*Data block*.
+---+

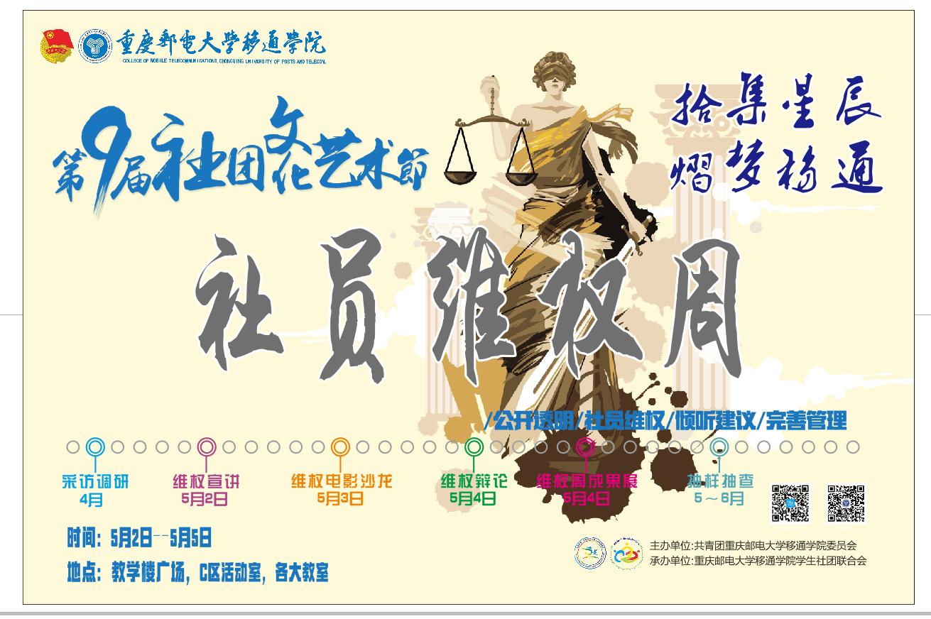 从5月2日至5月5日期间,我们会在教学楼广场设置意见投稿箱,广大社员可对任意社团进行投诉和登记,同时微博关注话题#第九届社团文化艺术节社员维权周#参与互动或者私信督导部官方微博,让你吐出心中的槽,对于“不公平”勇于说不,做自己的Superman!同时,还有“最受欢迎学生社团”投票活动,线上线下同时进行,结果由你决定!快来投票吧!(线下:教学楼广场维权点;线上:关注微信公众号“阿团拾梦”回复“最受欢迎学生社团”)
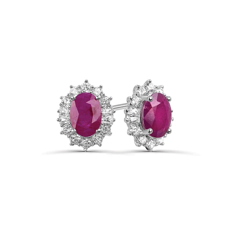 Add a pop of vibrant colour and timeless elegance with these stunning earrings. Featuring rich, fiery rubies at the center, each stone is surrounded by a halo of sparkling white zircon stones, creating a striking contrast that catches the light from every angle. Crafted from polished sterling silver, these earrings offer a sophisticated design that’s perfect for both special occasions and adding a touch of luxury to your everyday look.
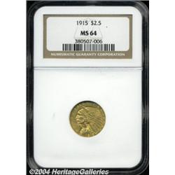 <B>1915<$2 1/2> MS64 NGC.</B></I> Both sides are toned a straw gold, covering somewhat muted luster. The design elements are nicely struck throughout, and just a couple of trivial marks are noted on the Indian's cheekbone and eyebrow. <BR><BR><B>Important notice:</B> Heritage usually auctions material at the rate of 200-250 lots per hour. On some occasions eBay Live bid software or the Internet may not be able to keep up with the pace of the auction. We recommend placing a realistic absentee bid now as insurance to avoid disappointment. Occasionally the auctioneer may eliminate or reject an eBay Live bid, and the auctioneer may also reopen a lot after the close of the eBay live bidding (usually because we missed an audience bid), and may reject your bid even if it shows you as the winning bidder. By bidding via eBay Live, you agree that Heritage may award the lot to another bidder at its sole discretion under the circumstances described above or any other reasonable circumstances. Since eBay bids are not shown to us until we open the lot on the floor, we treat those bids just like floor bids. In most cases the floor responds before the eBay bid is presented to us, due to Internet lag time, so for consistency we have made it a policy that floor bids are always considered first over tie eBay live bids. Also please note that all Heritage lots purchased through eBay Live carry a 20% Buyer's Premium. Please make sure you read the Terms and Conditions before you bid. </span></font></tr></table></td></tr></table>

+---+

*Task requirements*. Restate the listing word for word, pictures excluded.

*Finished task*.
 从5月2日至5月5日期间,我们会在教学楼广场设置意见投稿箱,广大社员可对任意社团进行投诉和登记,同时微博关注话题#第九届社团文化艺术节社员维权周#参与互动或者私信督导部官方微博,让你吐出心中的槽,对于“不公平”勇于说不,做自己的Superman!同时,还有“最受欢迎学生社团”投票活动,线上线下同时进行,结果由你决定!快来投票吧!(线下:教学楼广场维权点;线上:关注微信公众号“阿团拾梦”回复“最受欢迎学生社团”)
 Add a pop of vibrant colour and timeless elegance with these stunning earrings. Featuring rich, fiery rubies at the center, each stone is surrounded by a halo of sparkling white zircon stones, creating a striking contrast that catches the light from every angle. Crafted from polished sterling silver, these earrings offer a sophisticated design that’s perfect for both special occasions and adding a touch of luxury to your everyday look.
 <B>1915<$2 1/2> MS64 NGC.</B></I> Both sides are toned a straw gold, covering somewhat muted luster. The design elements are nicely struck throughout, and just a couple of trivial marks are noted on the Indian's cheekbone and eyebrow. <BR><BR><B>Important notice:</B> Heritage usually auctions material at the rate of 200-250 lots per hour. On some occasions eBay Live bid software or the Internet may not be able to keep up with the pace of the auction. We recommend placing a realistic absentee bid now as insurance to avoid disappointment. Occasionally the auctioneer may eliminate or reject an eBay Live bid, and the auctioneer may also reopen a lot after the close of the eBay live bidding (usually because we missed an audience bid), and may reject your bid even if it shows you as the winning bidder. By bidding via eBay Live, you agree that Heritage may award the lot to another bidder at its sole discretion under the circumstances described above or any other reasonable circumstances. Since eBay bids are not shown to us until we open the lot on the floor, we treat those bids just like floor bids. In most cases the floor responds before the eBay bid is presented to us, due to Internet lag time, so for consistency we have made it a policy that floor bids are always considered first over tie eBay live bids. Also please note that all Heritage lots purchased through eBay Live carry a 20% Buyer's Premium. Please make sure you read the Terms and Conditions before you bid. </span></font></tr></table></td></tr></table>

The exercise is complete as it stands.